Finalmente, descrevemos uma variedade de técnicas de ensino de pronúncia que podem ser utilizadas de diversas maneiras, com propósitos variados e em situações múltiplas para atender às necessidades do professor e seu grupo de alunos.
Nosso próximo passo será a proposição de uma concepção alternativa de educação formal, à qual serão aplicadas e testadas nossas conclusões acerca do ensino de pronúncia.
3 – Uma concepção alternativa de educação
O objetivo deste capítulo é a descrição da nossa proposta de uma concepção alternativa de educação formal. Ela baseia-se, fundamentalmente, na nossa crença de que a função básica da educação é o desenvolvimento da capacidade de aprendizagem e da autonomia dos indivíduos. Dessa maneira, o ensino da língua inglesa em escolas regulares não pode ser visto como um processo à parte da educação do indivíduo, ou seja, um ensino somente da língua, alienado das outras áreas do conhecimento humano representadas pelas disciplinas escolares. Conforme Littlewood (1996:427) salienta, “o objetivo do ensino de línguas (e, de fato, de toda a educação) é desenvolver capacidades independentes em domínios relevantes”. Somos adeptos da universalidade do conhecimento e de sua aplicação interdisciplinar na construção ontológica e holística dos alunos.

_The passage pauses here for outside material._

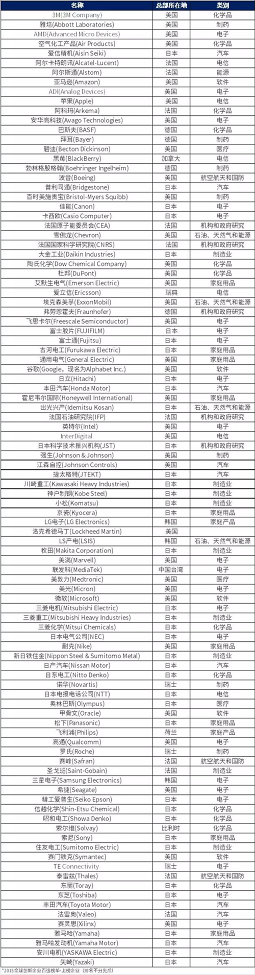 (附榜单)2015年全球创新企业百强,中国大陆无一家企业入选

Para agirmos coerentemente em relação a essa visão de ensino, entendemos que o papel fundamental do ensino de Língua Inglesa em escolas regulares (assim como o das outras disciplinas) compreende uma atuação em três campos:
a) atitudinal: o desenvolvimento da consciência acerca das próprias crenças e representações de conhecimento27 sobre si mesmo e o processo de aprendizagem, assim como de uma atitude de responsabilidade e autonomia;
b) procedimental: o desenvolvimento de habilidades gerais de pensamento e aprendizagem integradas ao programa curricular. Tais habilidades seriam, em tese, independentes dos domínios de conhecimento e transferíveis para outros domínios, quando desenvolvidas em uma área específica (Higgins & Baumfield, 1998; Zohar, 1999) e seriam aplicadas por meio de estratégias de aprendizagem cuja eficácia estaria sob o monitoramento do aluno, no processo denominado autoregulação;
c) conceitual: a aprendizagem da língua inglesa, em especial sua pronúncia neste trabalho. Dessa forma, vamos delinear nossa abordagem de aprendizagem tendo em mente três aspectos principais: a atitude do aluno frente ao aprendizado, a relação entre a aprendizagem e conhecimento e a interdependência de domínios específicos, inerente à construção do conhecimento holístico dos indivíduos. A conjunção desses aspectos será aplicada ao ensino da
L2 no sentido de se tentar definir a quantidade e qualidade da mediação a que o aluno deve ter acesso para facilitar o seu processo de aquisição de conhecimentos.
Para apresentarmos nossa concepção de construção de conhecimento, analisaremos, primeiramente, uma visão mais tradicional na literatura de L2, baseada na dicotomia entre conhecimento implícito e explícito. Em seguida, introduziremos nossa proposta de descrição do conhecimento, a qual supera essa dicotomia ao postular planos diferenciados de consciência desenvolvidos pelo aprendiz ao longo de seu crescimento cognitivo. Como próximo passo, reportar-nos-emos à psicologia cognitiva para constituir nossa concepção acerca do processo geral de aquisição de conhecimentos. Finalmente, sugeriremos uma proposta curricular, a qual passa pelo desenvolvimento simultâneo da consciência do aprendiz nos três campos da aprendizagem: o atitudinal, o procedimental e o conceitual.